# A few tips for the young coyote hunters



## stevecat (May 16, 2007)

I remember when I first started fox calling and then coyote hunting and believe me they are two different things especially now, if you want to learn a couple things or maybe brush up on a couple good tips for this time of year or even more inportant "this kind of year" with the cold and lasting snap we are having you are in the prime time to kill some some dogs..
wether you only have a ole shotgun, a 22 or spent several dollars on the latest and greatest HPR your odds are all good in this weather.

BEST CALLING
The hardest thing to get used to is to call only in the early morning on the coldest morning near thickets with wheat stubble, tall gras, alfalfa or hay stubble fields nearby, mice love this stuff and can easely tunnel through it.
coyotes love and prefer to hunt mice especially when the snow covers these areas and the top is crunchey and amplifiese the sound of mice, subtel mouth calls will bring any nearby coyote out of a thicket under these extreme conditions every time, if you get nothing after 15 minutes ther's no coyotes there. move on..


Driving coyotes
The same as a deer driving, you need pushers and standers, to increase our odds we only drive coyotes after a fresh snow, the reason in this is that we target only woodlots in the center of fields, because the fresh snow lets us see if coyotes have moved in or out of the woodlot and there are plenty of those around Ohio, standers should be along fence row's and all possible escape routs atleast a hundred yards or farther from the woodlot and down wind, the pushers go in raising as much hell as possible not only to move the game but especially to let the standers know exactly where the pushers are at all times, February is the best time to kill doubles while driving woodlots as the male will seldome stray far from a female during the day.

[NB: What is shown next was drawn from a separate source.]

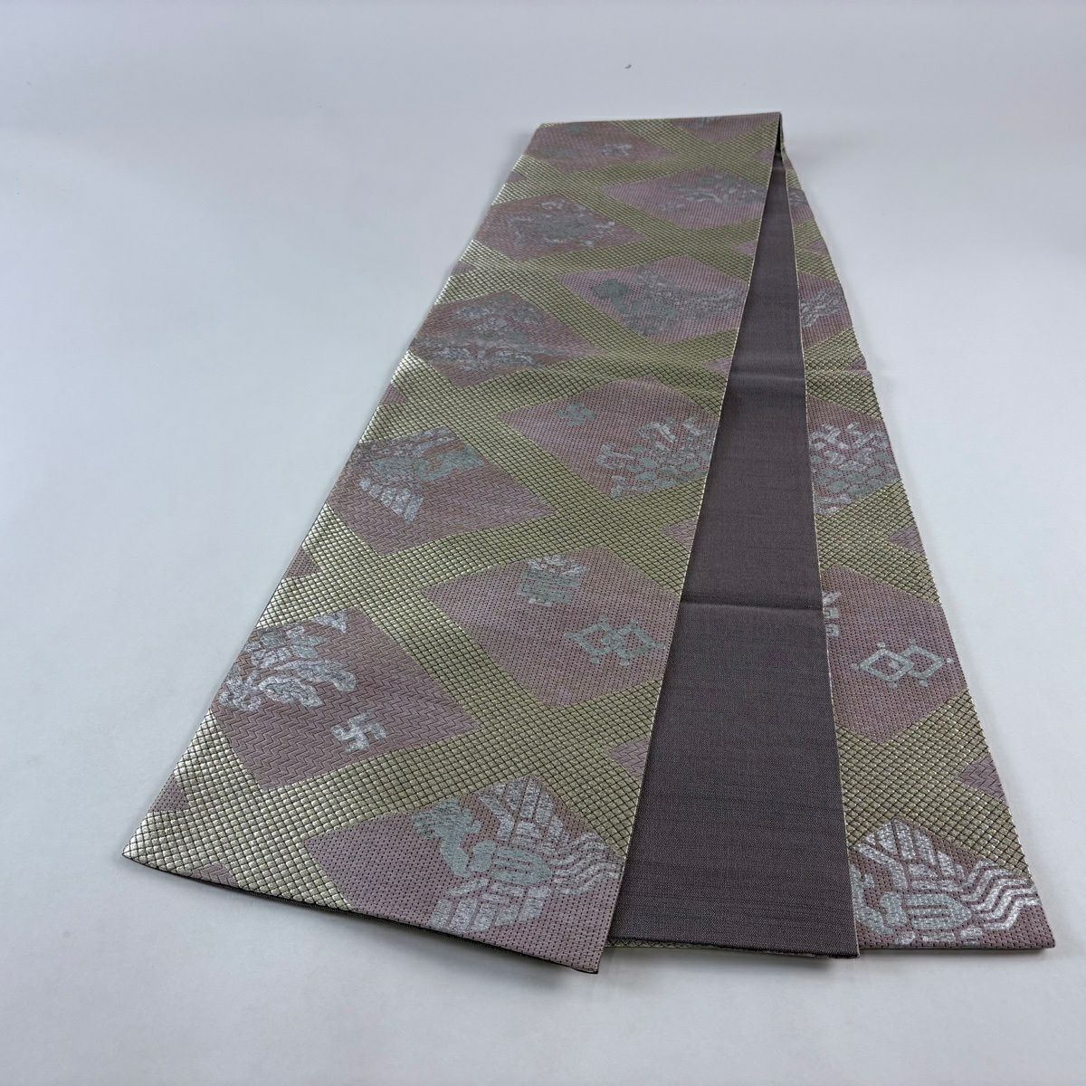 50%OFF 袋帯 名品 関西仕立て 若竹結文錦 銀糸 箔 薄小豆 全通 正絹 K50

I hope some of these tips help someone kill a few dogs this season.

any ? just ask, anytime

Steve


----------



## coyote69 (Jan 19, 2010)

"if you get nothing after 15 minutes ther's no coyotes there. move on.."
Rarely do I call in a yote in Ohio in less than 15 mins. , if this was a WESTERN State were populations where populations are high, then I would agree than 15-20 mins. max at a stand , unless you know for sure there are yotes in your area.

Best thing to do to increase your chances is to make sure your hunting an area that coyotes hang out in. Since the population is not high in Ohio , you must do some scouting , look for coyotes while driving along the roads , go out and use locator calls at night , look for tracks (signs). If you are hunting a spot coyotes are not in , you can stay all day calling in one spot and it doesnt matter. Find the dogs , is #1.

After this past weekend , i'm on yote #17 for the season , not too bad since I didnt start after them this year until mid-Nov. and didnt start hunting them hard until X-mas time. With the heavy snow and cold , they are reacting to the calls very well.

I also would not recommend hunting for coyotes with a .22 cal. or anything smaller(.17) , match your cal. to the game your after.
Good clean kills , dont make them suffer with light cals. and have to make multiple shots.

Good luck out there , 

Matt


----------